Now that the compartment was open, finding the booze proved to be an easy matter for him. Half of what had been in there was on the floor now, so it was as simple as reaching in and grabbing it. Once he had, she snatched it from his outstretched hand and wrenched off the cap, dousing her sorry legs in half a bottle’s worth before downing the rest.

“You good?” he asked when she was done. “We were just discussin’ next steps.”

“Who was?”

“Me. And him,” the big Truvelan–Marka–said from his place in the back. 

“Alright. What’re we steppin’ towards?”

The first man–what was his name, again? Morgan.
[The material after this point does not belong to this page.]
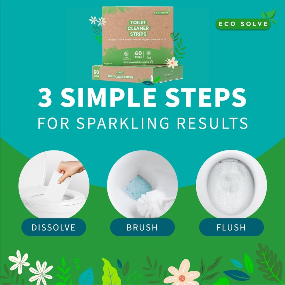 Introducing Toilet Cleaner Strips – the quick and easy solution for a sparkling clean and fresh-smelling toilet bowl. With our all-natural, concentrated cleaning formula, toilet cleaning has never been easier or more eco-friendly. Say goodbye to splashing, squirting, and messy cleanup, and say hello to a hassle-free cleaning experience. Our toilet cleaner strips are designed for convenience and functionality. Simply place a strip into your toilet bowl, wait 20 seconds for it to dissolve, scrub the bowl thoroughly, and flush. It's that simple! The concentrated formula of our strips ensures effective stain removal and odor elimination, leaving your toilet bowl looking and smelling fresh. We take pride in our commitment to the environment. Our toilet cleaner strips are biodegradable, septic safe, and plastic-free. We believe in a sustainable future, which is why our products are made with non-toxic, cruelty-free, and vegan ingredients. Rest assured, there are no harsh chemicals, chlorine, or bleach in our formula. It's safe for you and the planet. Not only are our toilet cleaner strips safe to use, but they are also convenient for any situation. Lightweight and compact, you can take them with you wherever you go. Whether you're at home, in a college dorm, on vacation, or even in a public restroom, our eco-friendly strips will provide a thorough clean without the need for liquids, tablets, powders, pods, or messy chemicals. Our eco-friendly toilet cleaning strips are suitable for use in any toilet. From your own bathroom to hotels, RVs, cabins, and public restrooms, you can count on our product to deliver outstanding cleaning performance. Best of all, there's no cleanup required. Simply use, flush, and enjoy a fresh toilet bowl. Make a conscious choice for the environment without compromising on cleanliness. Choose Toilet Cleaner Strips for a quick, easy, and eco-friendly way to keep your toilet bowl spotless and fresh. QUICK & EASY CLEANING: Our toilet cleaner strips are made using an all-natural, concentrated cleaning formula. Simply place a strip into your toilet bowl, wait 60 seconds for the strip to dissolve, scrub the toilet bowl thoroughly, and flush! NO splashing, NO squirting, NO mess! toilet cleaning strips will remove stains and deodorize your toilet bowl. ECO-FRIENDLY: We take pride in our environmental stewardship by creating products that support a sustainable future. Our toilet cleaner strips are Biodegradable, Septic Safe, Plastic-Free, Non-Toxic, Cruelty-Free, and Vegan. No Chlorine, No Bleach. Our packaging is Plastic-Free and made of 100% recyclable material. It is 100% Zero Waste, Septic, and Gray Water Friendly. SAFE TO USE: Our toilet bowl cleaner strips are made with a 100% natural formula without containing any harsh chemicals. They are non-toxic, bleach-free, chlorine-free, and non-corrosive for a safe and easy cleaning experience. These toilet cleaner strips are fast and safe for a simple cleaning experience. The toilet cleaner strips are for toilet bowl cleaning only. Do not consume. CONVENIENT: The toilet cleaner strips are designed for convenience and functionality. You can keep a fresh toilet anywhere you go without the need for liquids, tablets, powders, pods, or messy chemicals. These toilet strips are lightweight, compact, and easy to take on the go. CLEAN ANYWHERE: Our eco-friendly toilet cleaning strips are suitable to use in any toilet and are perfect for cleaning and deodorizing wherever you go. Use at home, apartment, college dorm, vacation rental, hotel, RV, cabin, public restrooms, etc. This is a natural toilet bowl cleaner that requires no cleanup. : At , we are committed to providing sustainable household solutions, including eco-friendly cleaning products. Follow our brand to stay up to date on new product releases!

That’s right, Morgan–gave her a sidelong glance. “I’ll save you havin’ to turn around and see it,” he began, “but your daughter’s trussed up on top of your Niner friends’ car.”

“Ah. I thought it seemed quiet in here.”

That one didn’t get the laughs she expected, so she shifted gears. “What’s the hold-up, then? Why don’t you fellers just get out, shoot ‘em, and go get her back?”

“It is… Complicated,” Marka said. “Perhaps it would be best if you looked out the window?”

CJ smacked her lips and obliged, leaning a little to the side so she could see whatever he was talking about. The telltale sight of shiny, spindly shadows all over the ground outside gave it away before she’d even leaned halfway.

“Mm-hmm. Sid’s little pets,” she observed. “I see why you’re still in here, then. He’d have ‘em swarm you the moment you left the car.”

She looked back to see the two men nodded along grimly together, eyeing the spider-army warily.

“Luckily for you boys,” she drawled, “you’re ridin’ with the sharpest gal on the range.”